Instructions to follow:
Exactly as written, please set down all of the entries again, with no pictures.

Stored data:
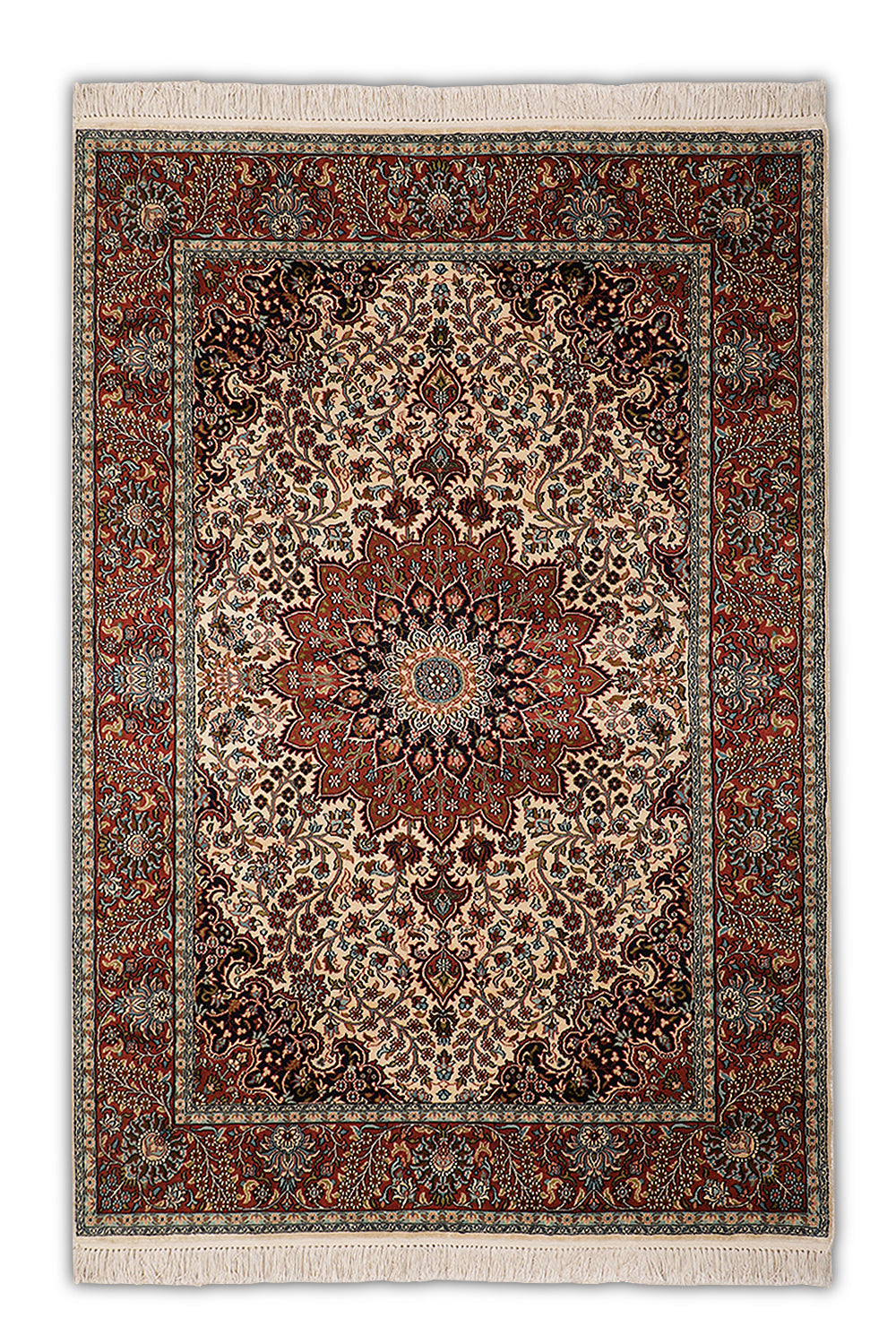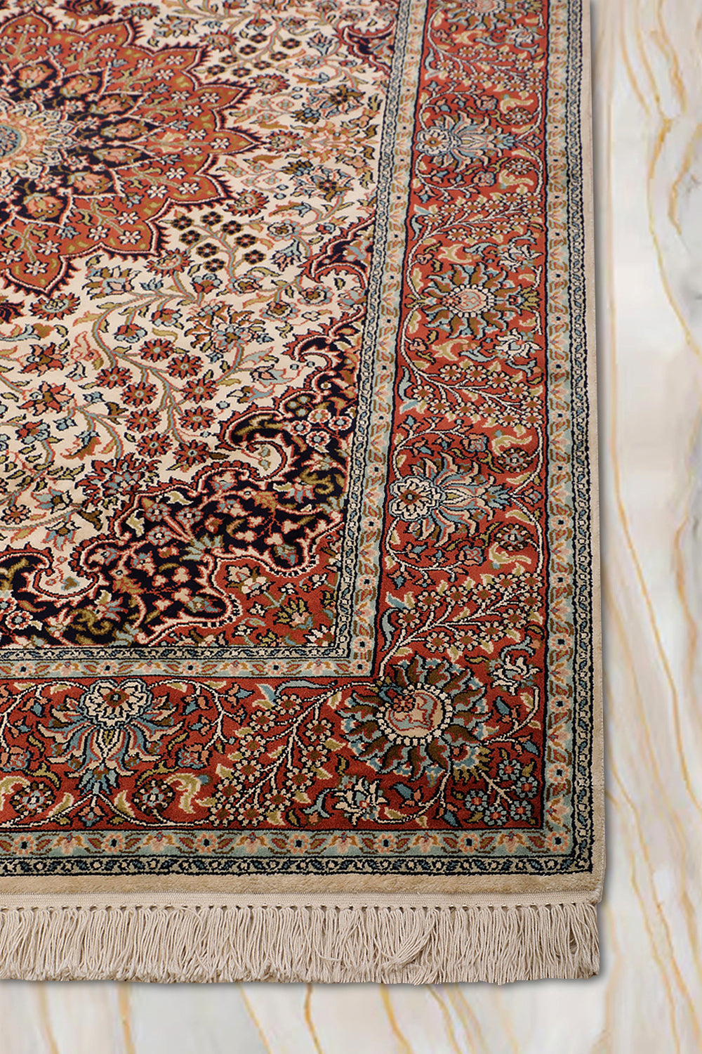 Zhaleh - Hand Knotted Silk Rug In Rust/Cream
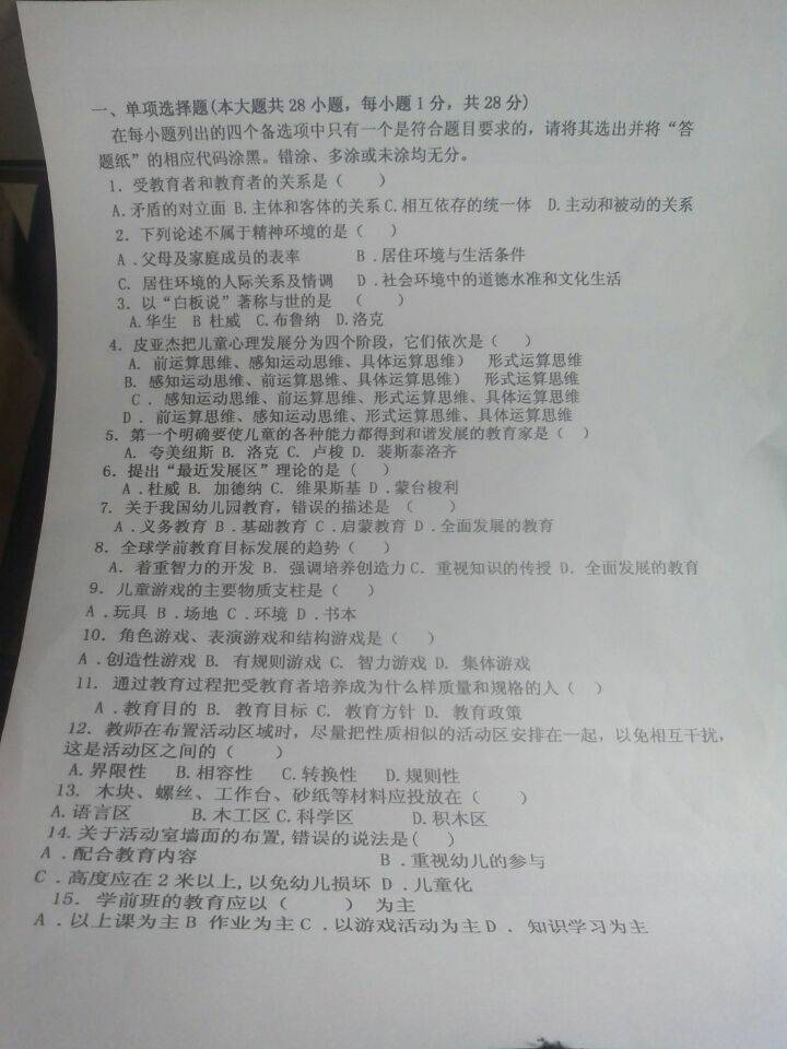 幼儿教育,选择题 点击展开 匿名用户 2015-01-24 11:25 满意回答 B B D B A C D C A A B B B D C 望采纳回分 匿名用户 2015-01-24 11:42 宝宝知道提示您:回答为网友贡献,仅供参考。 相关问题 可因可幼儿教育怎么样? 玉山镇哪里有幼儿教育? 可音可幼儿教育怎么样?
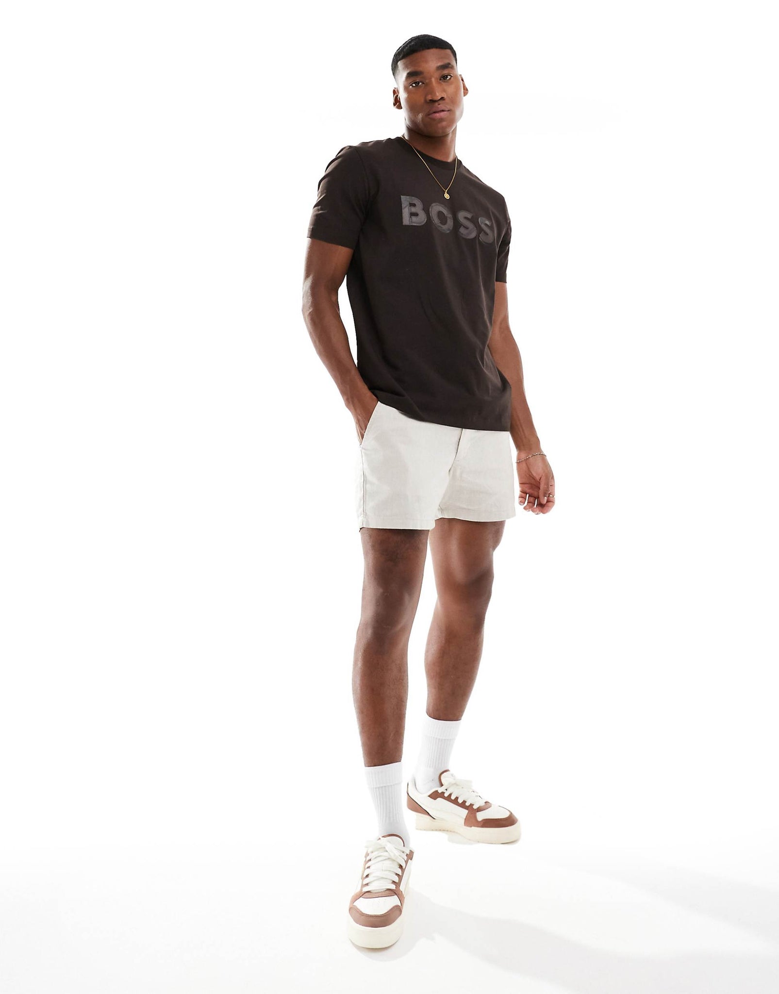 BOSS GREEN tee jagged t-shirt dark brown applique
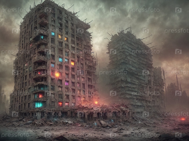 Плохая ненастная погода при закате солнца, апокалиптическая архитектура, группа высоких зданий посреди города, цифровое искусство, пост ядерные заброшенные архитектурные здания, последний день на земле, руины. Генерация искусственного интеллекта
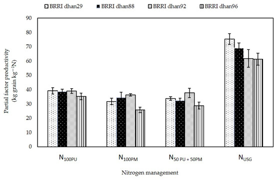 Partial factor productivity of boro rice under different nitrogen management. N0 = No N (nitrogen); N100PU = 100% of the RD (recommended dose) of N from urea (300 kg per ha); N100PM = 100% of the RD (recommended dose) of N (nitrogen) from poultry manure (14.5 t ha−1); N50PU+50PM = 50% of the RD (recommended dose) of N (nitrogen) from urea (150 kg per ha) + 50% of the RD (recommended dose) of N (nitrogen) from poultry manure (7.25 t ha−1); NUSG = 100% of RD (recommended dose) of the N from USG (2.7 g).
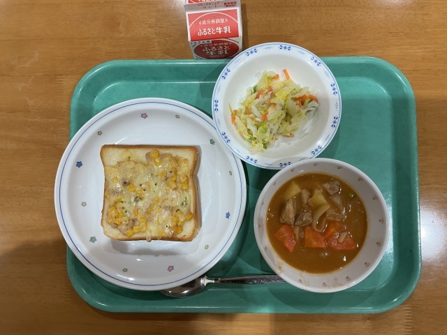 本日の給食(4月8日水曜日) 公開日 2026/04/08 更新日 2026/04/08 給食 ⚫︎本日の献立⚫︎ツナコーンチーズトースト 牛乳 ポークシチュー キャベツサラダ⚫︎主な給食食材と産地⚫︎パセリ(千葉) 豚肉(茨城) 玉ねぎ(北海道)にんじん(熊本) じゃがいも(鹿児島) キャベツ(神奈川) いいね(0)

Solved exercise:
 Zhaleh - Hand Knotted Silk Rug In Rust/Cream
 幼儿教育,选择题 点击展开 匿名用户 2015-01-24 11:25 满意回答 B B D B A C D C A A B B B D C 望采纳回分 匿名用户 2015-01-24 11:42 宝宝知道提示您:回答为网友贡献,仅供参考。 相关问题 可因可幼儿教育怎么样? 玉山镇哪里有幼儿教育? 可音可幼儿教育怎么样?
 BOSS GREEN tee jagged t-shirt dark brown applique
 Плохая ненастная погода при закате солнца, апокалиптическая архитектура, группа высоких зданий посреди города, цифровое искусство, пост ядерные заброшенные архитектурные здания, последний день на земле, руины. Генерация искусственного интеллекта
 Partial factor productivity of boro rice under different nitrogen management. N0 = No N (nitrogen); N100PU = 100% of the RD (recommended dose) of N from urea (300 kg per ha); N100PM = 100% of the RD (recommended dose) of N (nitrogen) from poultry manure (14.5 t ha−1); N50PU+50PM = 50% of the RD (recommended dose) of N (nitrogen) from urea (150 kg per ha) + 50% of the RD (recommended dose) of N (nitrogen) from poultry manure (7.25 t ha−1); NUSG = 100% of RD (recommended dose) of the N from USG (2.7 g).
 本日の給食(4月8日水曜日) 公開日 2026/04/08 更新日 2026/04/08 給食 ⚫︎本日の献立⚫︎ツナコーンチーズトースト 牛乳 ポークシチュー キャベツサラダ⚫︎主な給食食材と産地⚫︎パセリ(千葉) 豚肉(茨城) 玉ねぎ(北海道)にんじん(熊本) じゃがいも(鹿児島) キャベツ(神奈川) いいね(0)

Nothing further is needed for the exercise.